ET-1 mediates P. gingivalis-induced production of inflammatory cytokines
To determine the role of ET-1 which is induced by P. gingivalis infection, we assessed the production of inflammatory cytokines after treatment with inhibitors of endothelin receptors. P. gingivalis induces the production of IL-1β, TNFα, and IL-6, and this induction was significantly reduced by BQ123, an ETA blocker. In agreement with our results showing negligible expression of ETB in HGECs (Fig 1B), inhibition of ETB by BQ788 had no effect on the production of inflammatory cytokines. Bosentan, a dual inhibitor of ETA and ETB prevented the secretion of inflammatory cytokines, which could be the result of ETA inhibition (Fig 2A to 2C). Pg LPS also induced the production of IL-1β, TNFα, and IL-6, and this was attenuated by treatment with BQ123 or bosentan, but not with BQ788 (Fig 2D to 2F). Next, we examined whether the ETA signaling pathway, activated by ET-1, directly affects the production of inflammatory cytokines in HGECs. As shown in Fig 2G to 2I, ET-1 directly induced the secretion of IL-1β, TNFα, and IL-6 in HGECs, and inhibition of ETA with BQ123 or bosentan resulted in a reversal of the influence of ET-1 on cytokine production.

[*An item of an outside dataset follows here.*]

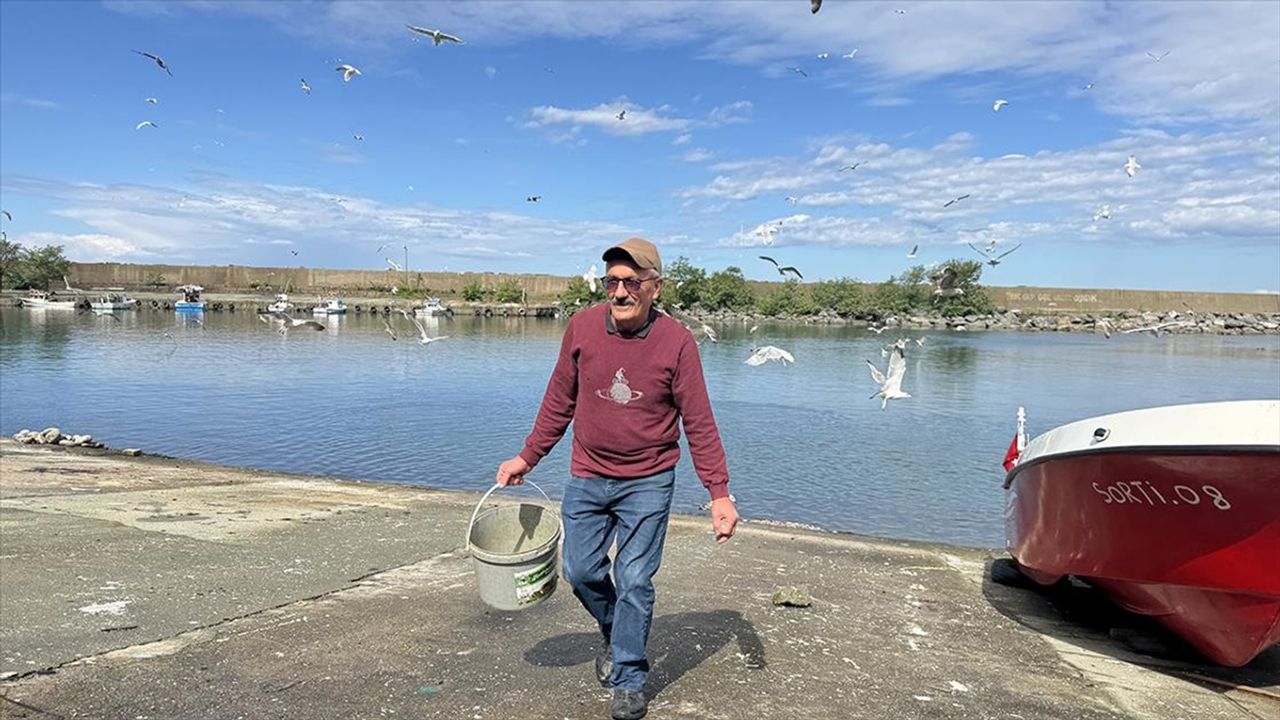 ARTVIN (AA) - İlçedeki bir balık restoranında balık ustası olarak çalışan 65 yaşındaki Abay, balık artıkları ve ekmekleri çöpe atmayarak martılar için biriktiriyor.

(A to C) Reduced production of IL-1β (A), TNFα (B), and IL-6 (C) after treatment with endothelin receptor antagonists and P. gingivalis. After treatment with BQ123 (100 nM), BQ788 (100 nM), or bosentan (100 nM) for 1h, cells were infected with P. gingivalis (100 MOI) for 24h. (D to F) Reduced production of IL-1β (D), TNFα (E), and IL-6 (F) after treatment with endothelin receptor antagonists and P. gingivalis LPS (1 μg/ml). After treatment with BQ123 (100 nM), BQ788 (100 nM), or bosentan (100 nM) for 1h, cells were treated with P. gingivalis LPS (1 μg/ml) for 24h. (G to I) Reduced production of IL-1β (G), TNFα (H), and IL-6 (I) after treatment with endothelin receptor antagonists and ET-1. After pre-treatment with BQ123 (100 nM), BQ788 (100 nM), and bosentan (100 nM) for 1h, cells were treated with ET-1 (100 nM) for 24h. Secretion of cytokines or ET-1 was examined by ELISA in the culture supernatants from five samples (sample #1–5). *P<0.05; **P<0.01; ***P<0.001.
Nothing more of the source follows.